(Exercise requirements): Output, exactly as written, the lines below from the one that has "Gallery (view saves" through the one that has "空調(diào)用離心式制冷機(jī)組的停機(jī)程序如圖4-14所示。"; nothing else, and no pictures.

(Exercise data):
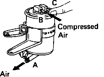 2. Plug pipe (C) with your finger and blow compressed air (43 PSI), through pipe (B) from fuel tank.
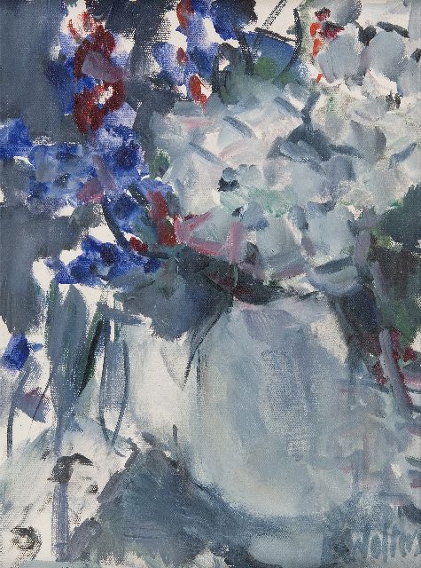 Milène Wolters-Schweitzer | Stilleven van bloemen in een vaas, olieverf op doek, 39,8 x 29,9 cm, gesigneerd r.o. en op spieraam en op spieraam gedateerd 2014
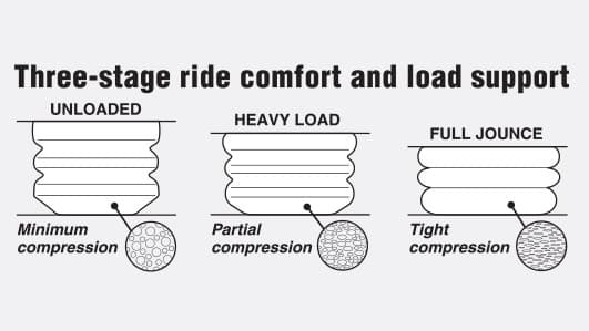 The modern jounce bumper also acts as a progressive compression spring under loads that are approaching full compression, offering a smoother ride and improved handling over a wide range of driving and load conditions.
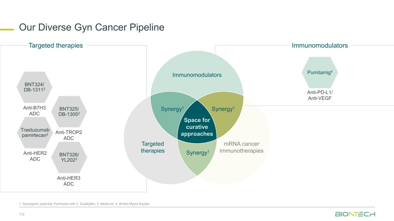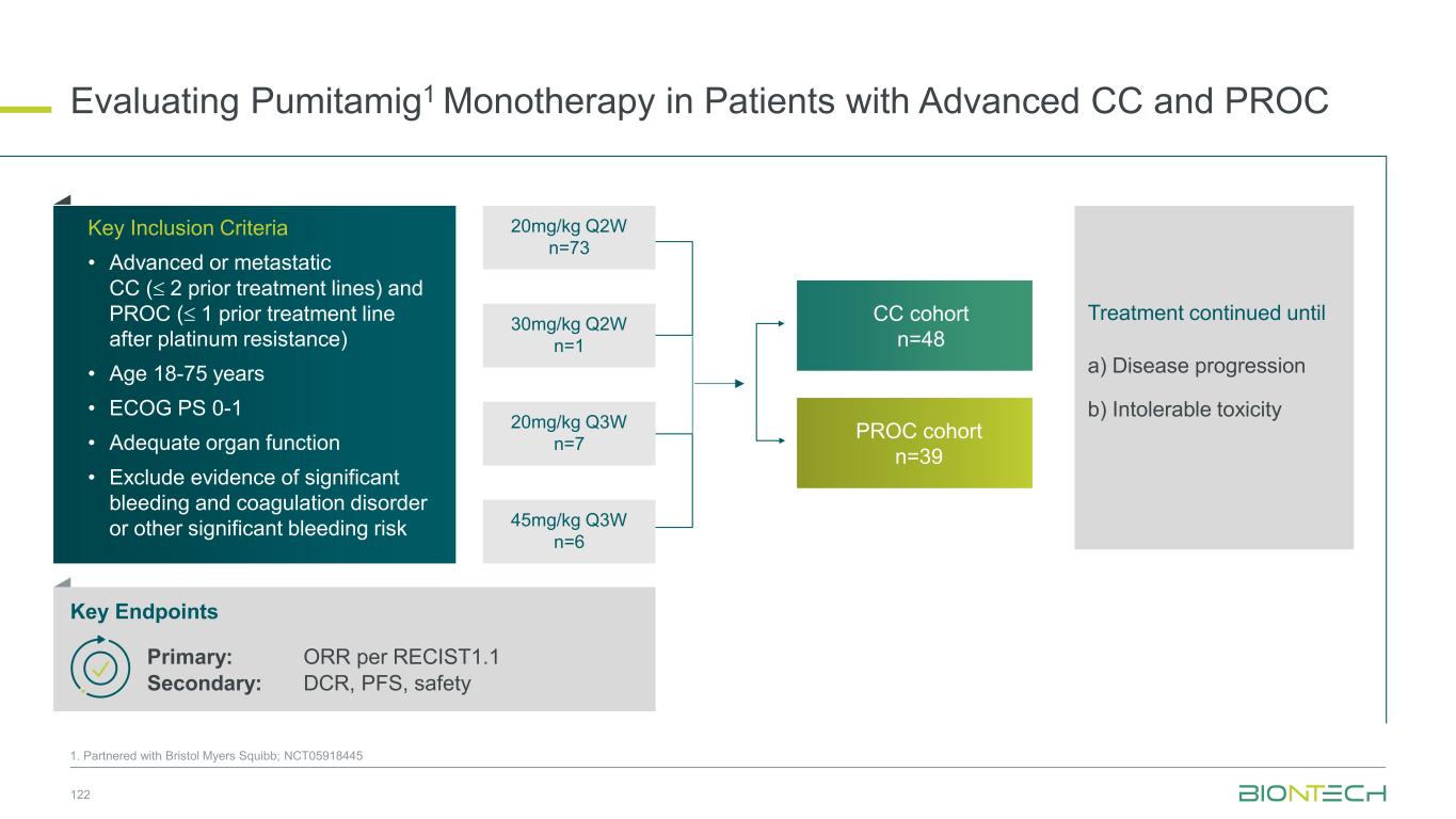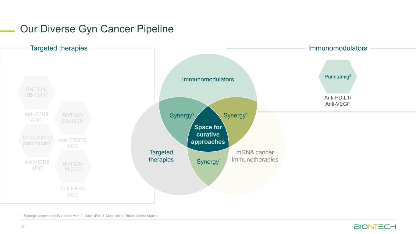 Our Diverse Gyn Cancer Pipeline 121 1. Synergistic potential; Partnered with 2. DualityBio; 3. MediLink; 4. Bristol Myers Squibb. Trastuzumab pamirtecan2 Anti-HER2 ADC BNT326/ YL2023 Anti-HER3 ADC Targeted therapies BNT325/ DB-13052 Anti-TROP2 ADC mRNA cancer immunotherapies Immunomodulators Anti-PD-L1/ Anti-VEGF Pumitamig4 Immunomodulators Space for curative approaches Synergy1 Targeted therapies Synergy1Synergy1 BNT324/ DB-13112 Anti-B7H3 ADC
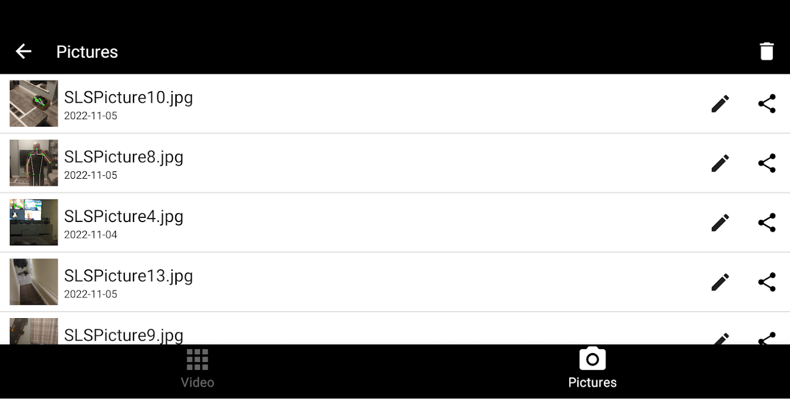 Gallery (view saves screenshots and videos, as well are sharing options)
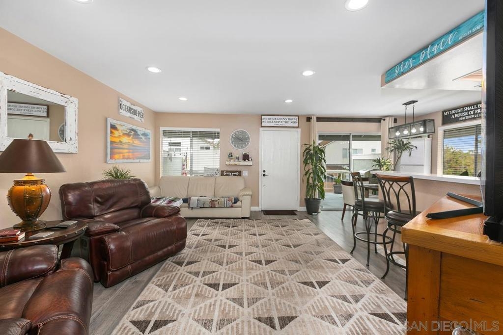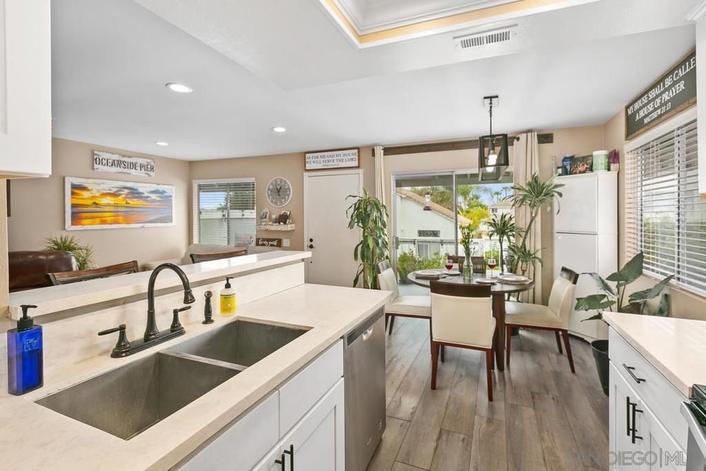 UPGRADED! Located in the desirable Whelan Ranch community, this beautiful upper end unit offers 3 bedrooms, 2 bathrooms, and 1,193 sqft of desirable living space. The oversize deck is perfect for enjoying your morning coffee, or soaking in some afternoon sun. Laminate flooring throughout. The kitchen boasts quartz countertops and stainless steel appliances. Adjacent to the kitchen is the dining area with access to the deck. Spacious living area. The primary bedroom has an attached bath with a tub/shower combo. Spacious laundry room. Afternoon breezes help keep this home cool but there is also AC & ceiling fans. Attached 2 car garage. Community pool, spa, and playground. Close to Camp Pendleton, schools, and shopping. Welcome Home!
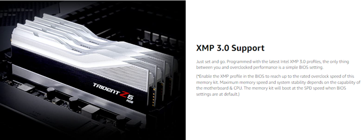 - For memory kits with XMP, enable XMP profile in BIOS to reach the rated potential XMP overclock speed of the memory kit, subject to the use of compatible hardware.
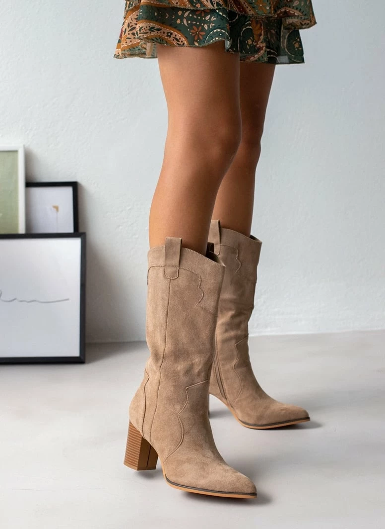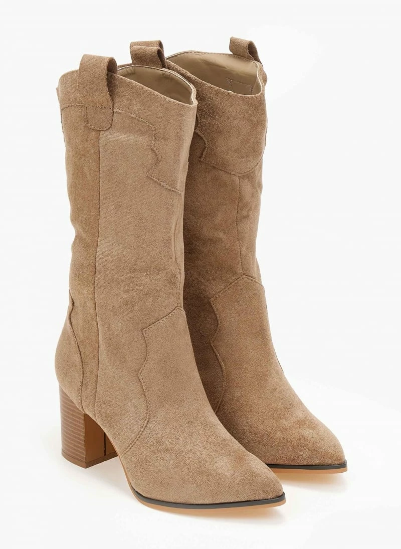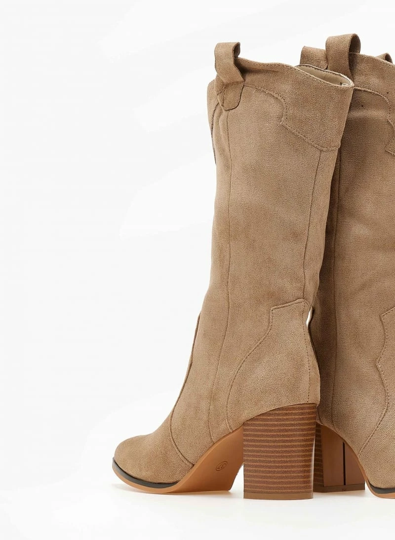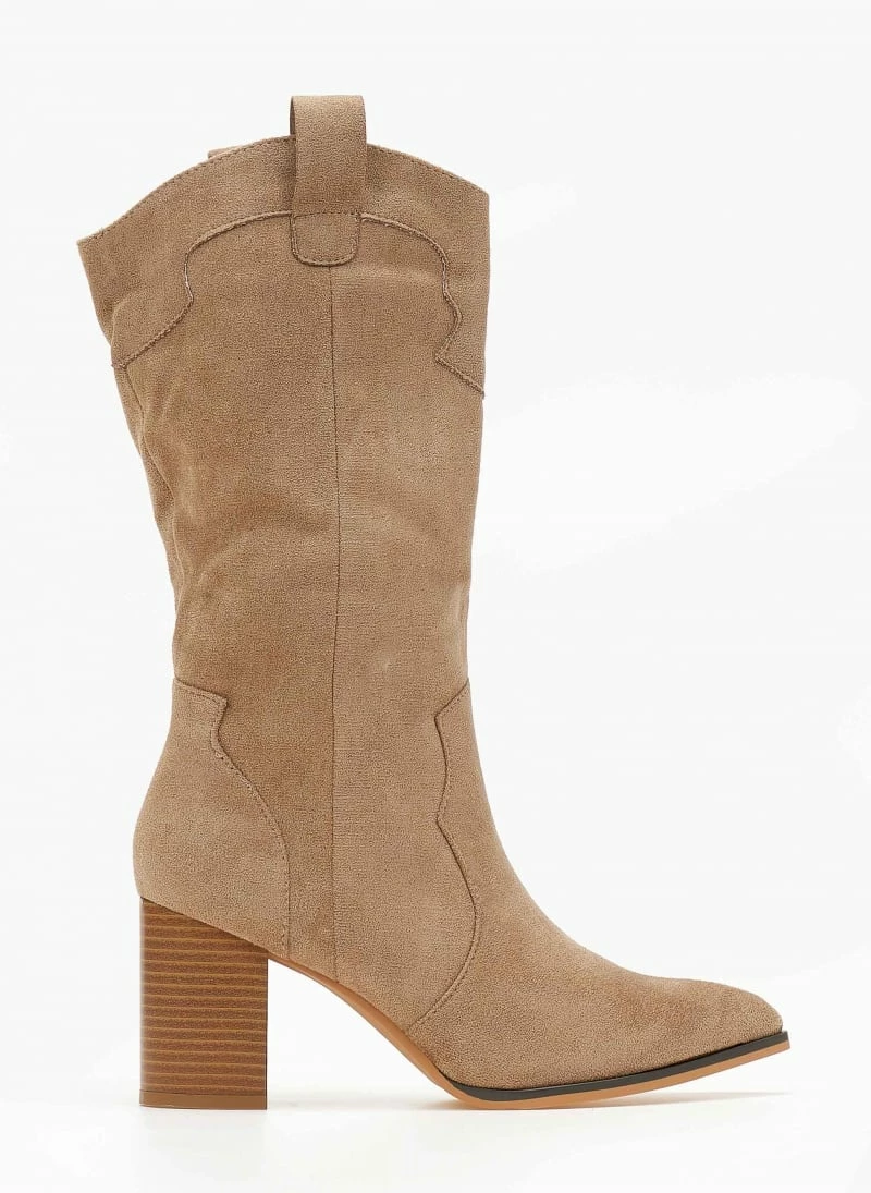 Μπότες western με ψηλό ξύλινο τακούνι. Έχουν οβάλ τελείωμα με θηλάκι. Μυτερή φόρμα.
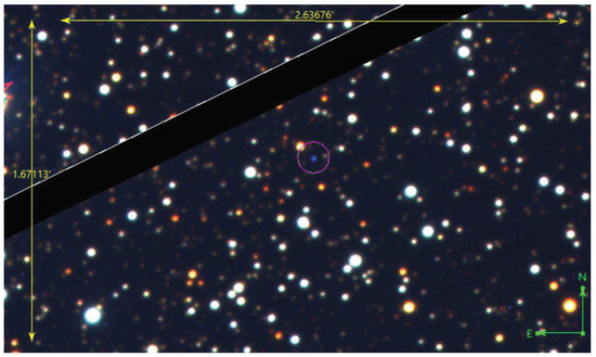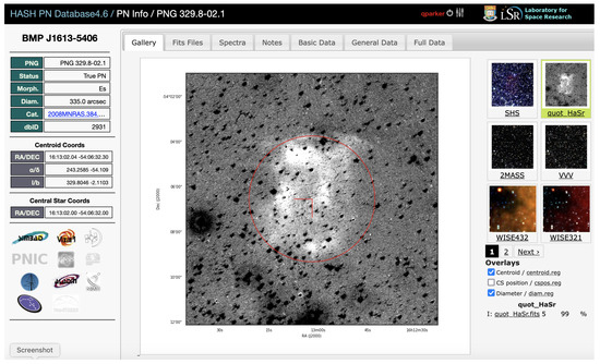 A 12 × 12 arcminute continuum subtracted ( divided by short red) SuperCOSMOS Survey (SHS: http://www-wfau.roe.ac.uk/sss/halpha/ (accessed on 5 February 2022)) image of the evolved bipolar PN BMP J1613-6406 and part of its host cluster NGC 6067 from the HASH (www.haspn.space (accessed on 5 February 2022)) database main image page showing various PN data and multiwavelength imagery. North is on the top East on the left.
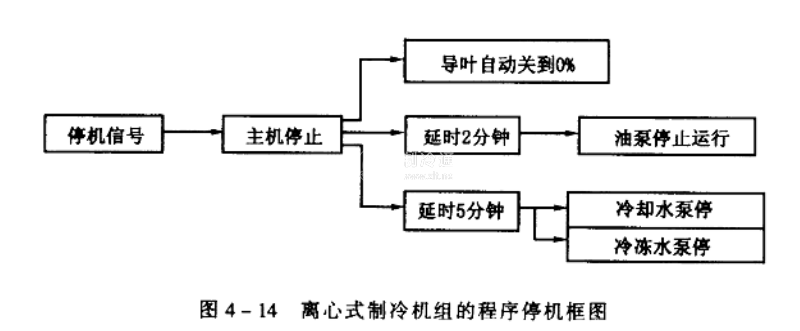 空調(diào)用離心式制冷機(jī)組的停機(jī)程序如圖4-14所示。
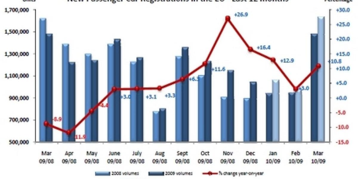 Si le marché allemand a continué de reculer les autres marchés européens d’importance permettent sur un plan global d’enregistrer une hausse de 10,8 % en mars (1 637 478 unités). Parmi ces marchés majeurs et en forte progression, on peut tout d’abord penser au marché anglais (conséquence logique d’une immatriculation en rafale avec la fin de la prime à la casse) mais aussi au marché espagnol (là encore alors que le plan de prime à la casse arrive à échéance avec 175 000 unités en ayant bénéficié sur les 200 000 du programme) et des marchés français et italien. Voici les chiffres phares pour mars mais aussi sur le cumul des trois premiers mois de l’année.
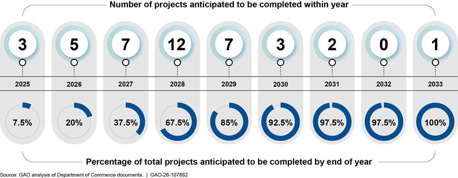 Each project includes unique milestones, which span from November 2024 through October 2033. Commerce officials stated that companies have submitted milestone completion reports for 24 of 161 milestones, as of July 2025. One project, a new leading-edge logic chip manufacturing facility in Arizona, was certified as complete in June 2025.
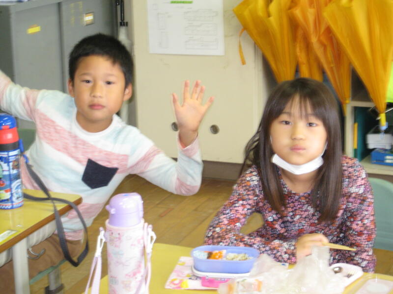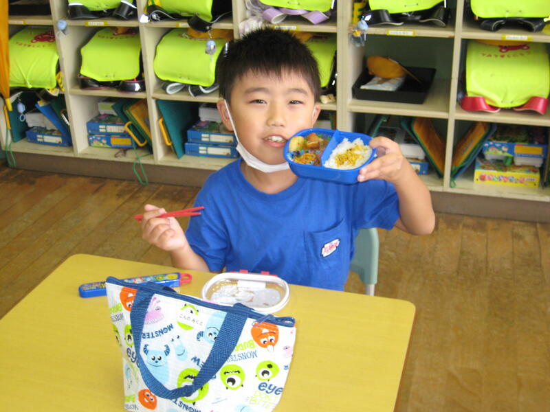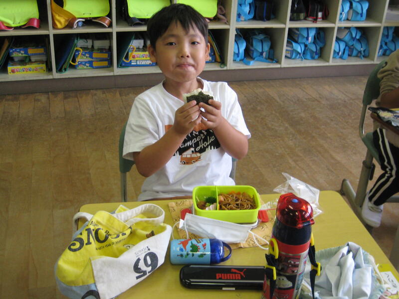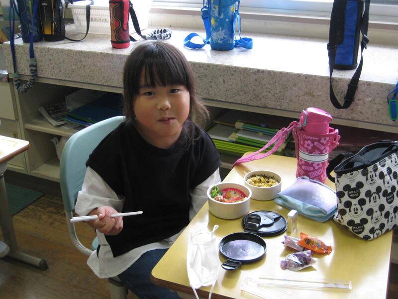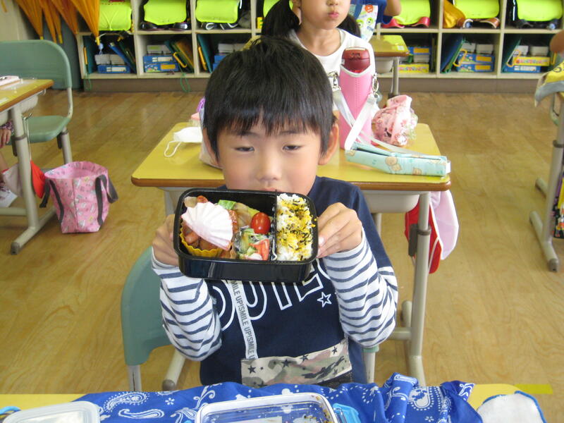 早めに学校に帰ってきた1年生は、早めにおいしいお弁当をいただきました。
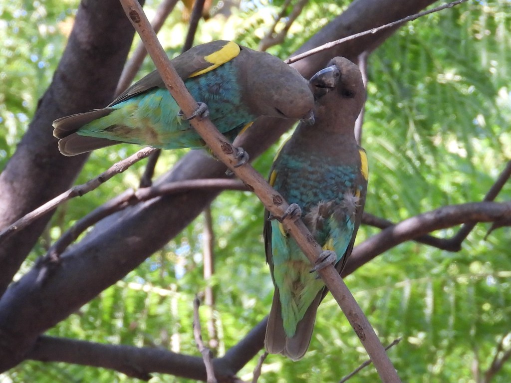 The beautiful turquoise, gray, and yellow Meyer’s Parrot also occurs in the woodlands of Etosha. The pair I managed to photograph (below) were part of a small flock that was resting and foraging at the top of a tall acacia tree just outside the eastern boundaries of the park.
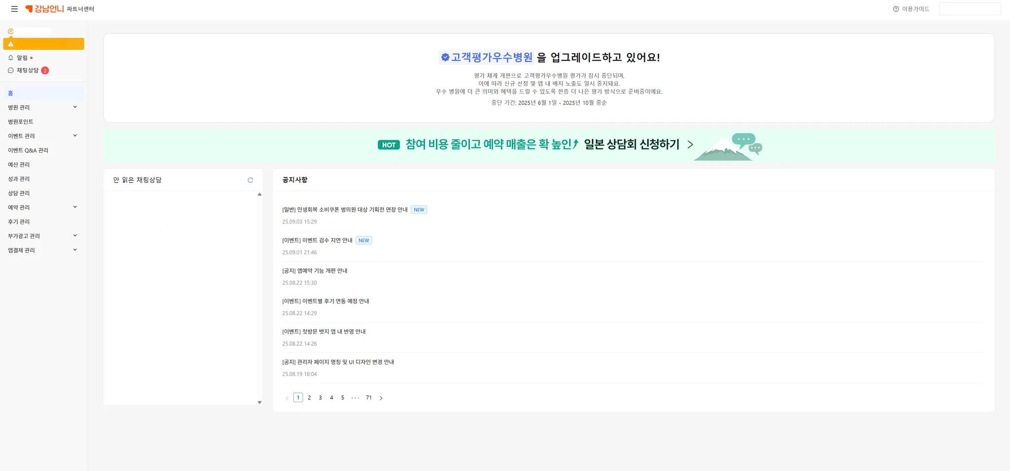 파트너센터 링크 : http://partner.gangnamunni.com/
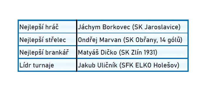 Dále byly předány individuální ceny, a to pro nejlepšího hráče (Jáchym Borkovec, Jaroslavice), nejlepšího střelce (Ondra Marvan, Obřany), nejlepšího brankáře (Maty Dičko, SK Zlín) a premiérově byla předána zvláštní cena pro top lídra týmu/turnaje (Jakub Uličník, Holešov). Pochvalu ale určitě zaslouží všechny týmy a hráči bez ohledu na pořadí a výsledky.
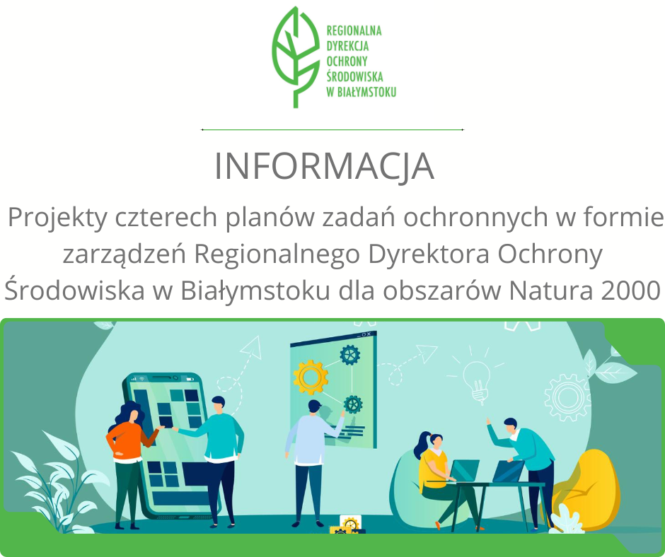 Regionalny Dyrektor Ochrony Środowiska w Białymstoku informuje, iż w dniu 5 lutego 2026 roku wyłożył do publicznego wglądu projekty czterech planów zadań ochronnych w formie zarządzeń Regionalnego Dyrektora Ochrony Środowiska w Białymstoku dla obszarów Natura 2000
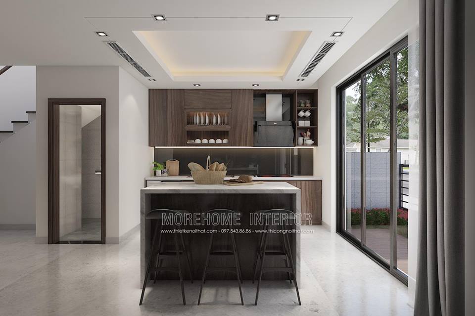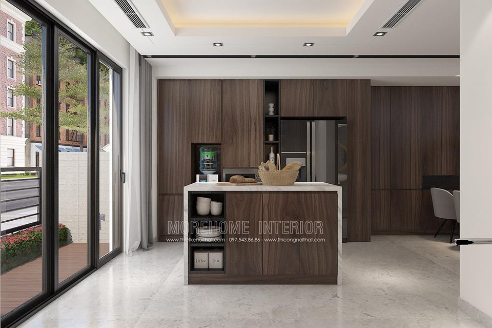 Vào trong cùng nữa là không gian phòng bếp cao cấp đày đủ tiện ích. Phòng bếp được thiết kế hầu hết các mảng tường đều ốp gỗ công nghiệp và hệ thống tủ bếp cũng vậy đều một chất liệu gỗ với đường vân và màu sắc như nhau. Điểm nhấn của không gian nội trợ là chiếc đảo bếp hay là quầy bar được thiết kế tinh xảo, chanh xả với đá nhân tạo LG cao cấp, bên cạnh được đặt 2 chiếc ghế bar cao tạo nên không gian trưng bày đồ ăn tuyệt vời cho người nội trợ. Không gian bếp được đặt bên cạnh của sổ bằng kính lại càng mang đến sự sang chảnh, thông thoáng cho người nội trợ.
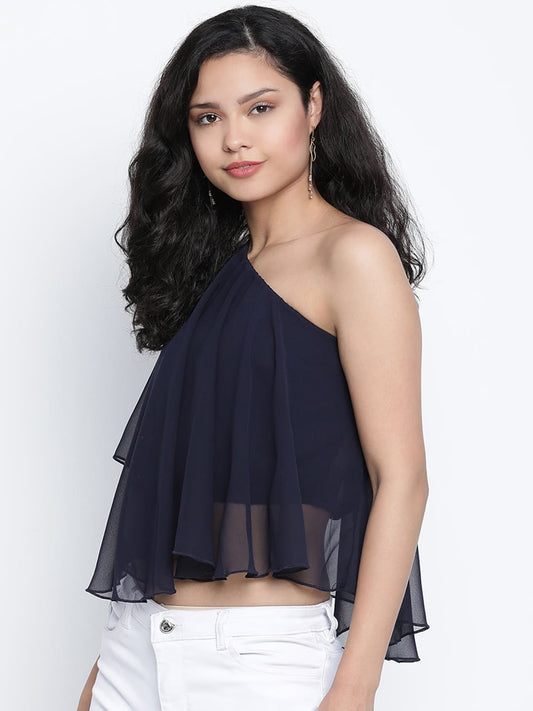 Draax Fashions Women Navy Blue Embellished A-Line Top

(Result below):
 Gallery (view saves screenshots and videos, as well are sharing options)
 UPGRADED! Located in the desirable Whelan Ranch community, this beautiful upper end unit offers 3 bedrooms, 2 bathrooms, and 1,193 sqft of desirable living space. The oversize deck is perfect for enjoying your morning coffee, or soaking in some afternoon sun. Laminate flooring throughout. The kitchen boasts quartz countertops and stainless steel appliances. Adjacent to the kitchen is the dining area with access to the deck. Spacious living area. The primary bedroom has an attached bath with a tub/shower combo. Spacious laundry room. Afternoon breezes help keep this home cool but there is also AC & ceiling fans. Attached 2 car garage. Community pool, spa, and playground. Close to Camp Pendleton, schools, and shopping. Welcome Home!
 - For memory kits with XMP, enable XMP profile in BIOS to reach the rated potential XMP overclock speed of the memory kit, subject to the use of compatible hardware.
 Μπότες western με ψηλό ξύλινο τακούνι. Έχουν οβάλ τελείωμα με θηλάκι. Μυτερή φόρμα.
 A 12 × 12 arcminute continuum subtracted ( divided by short red) SuperCOSMOS Survey (SHS: http://www-wfau.roe.ac.uk/sss/halpha/ (accessed on 5 February 2022)) image of the evolved bipolar PN BMP J1613-6406 and part of its host cluster NGC 6067 from the HASH (www.haspn.space (accessed on 5 February 2022)) database main image page showing various PN data and multiwavelength imagery. North is on the top East on the left.
 空調(diào)用離心式制冷機(jī)組的停機(jī)程序如圖4-14所示。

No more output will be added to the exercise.